What you should do
From top to bottom, retype the data exactly, passing over any picture.

Supplied material

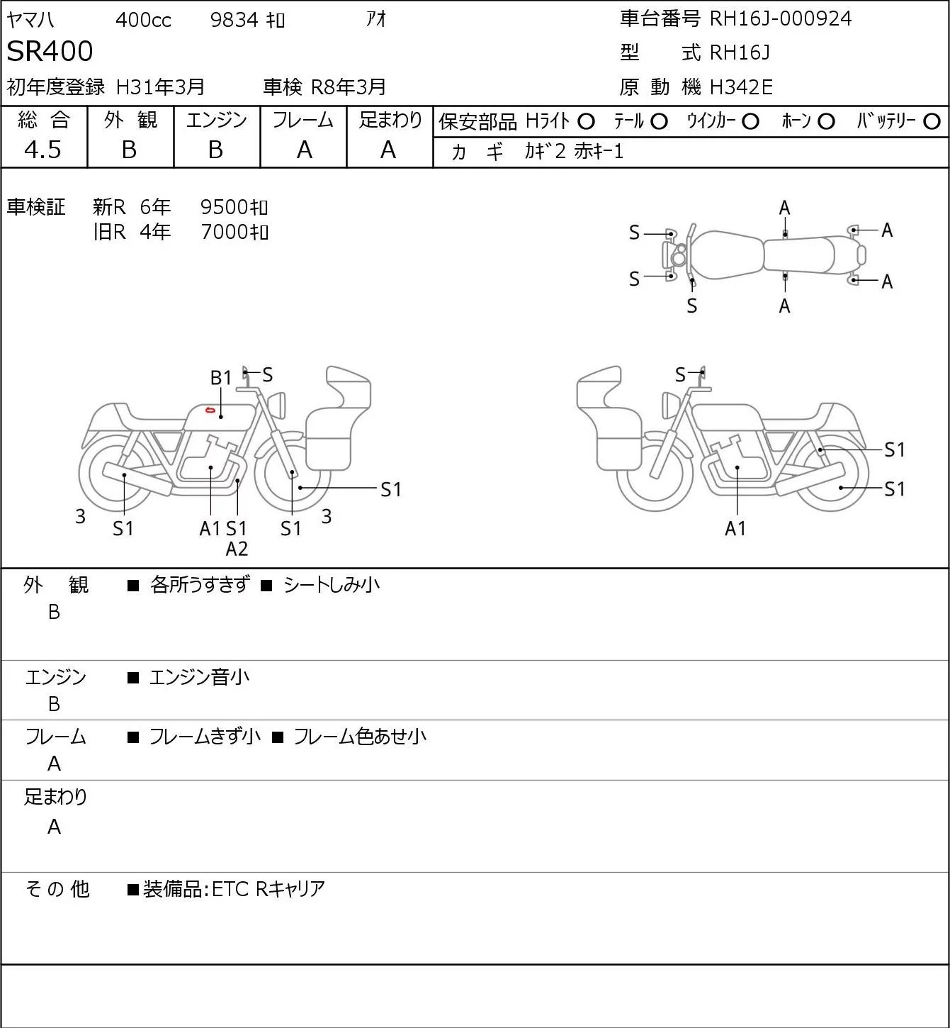 Yamaha SR400-1 с аукциона Японии JBA Kobe (Tuesday) лот № 5112
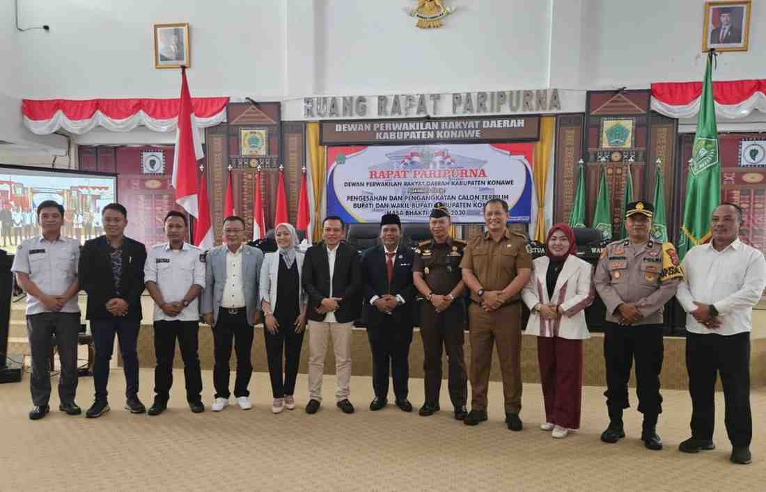 KONAWE – Dewan Perwakilan Rakyat Daerah (DPRD) Kabupaten Konawe menggelar Rapat Paripurna untuk pengesahan dan pengangkatan calon kepala daerah, Bupati dan Wakil Bupati terpilih periode 2025-2030, Yusran Akbar dan Syamsul Ibrahim pada Senin, 13 Januari 2025.
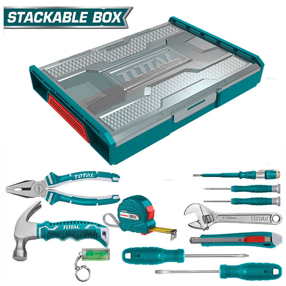 11 Pcs Tools Set,Include:,1 Pcs Mini Claw Hammer 1 Pcs 7" Combination Pliers 1 Pcs 6" Adjustable Wrench 1 Pcs Test Pencil(Test voltage:100-500VAC) 1 Pcs 3M Steel measuring tape 1 Pcs Snap-off blade knife 1 Pcs SL5.5x100 Screwdriver 1 Pcs PH1x100 Screwdriver 1 Pcs SL2.0*50mm Precision Screwdriver,1 Pcs PH000*50mm Precision Screwdriver 1 Pcs spirit bubble

Task result
 Yamaha SR400-1 с аукциона Японии JBA Kobe (Tuesday) лот № 5112
 KONAWE – Dewan Perwakilan Rakyat Daerah (DPRD) Kabupaten Konawe menggelar Rapat Paripurna untuk pengesahan dan pengangkatan calon kepala daerah, Bupati dan Wakil Bupati terpilih periode 2025-2030, Yusran Akbar dan Syamsul Ibrahim pada Senin, 13 Januari 2025.
 11 Pcs Tools Set,Include:,1 Pcs Mini Claw Hammer 1 Pcs 7" Combination Pliers 1 Pcs 6" Adjustable Wrench 1 Pcs Test Pencil(Test voltage:100-500VAC) 1 Pcs 3M Steel measuring tape 1 Pcs Snap-off blade knife 1 Pcs SL5.5x100 Screwdriver 1 Pcs PH1x100 Screwdriver 1 Pcs SL2.0*50mm Precision Screwdriver,1 Pcs PH000*50mm Precision Screwdriver 1 Pcs spirit bubble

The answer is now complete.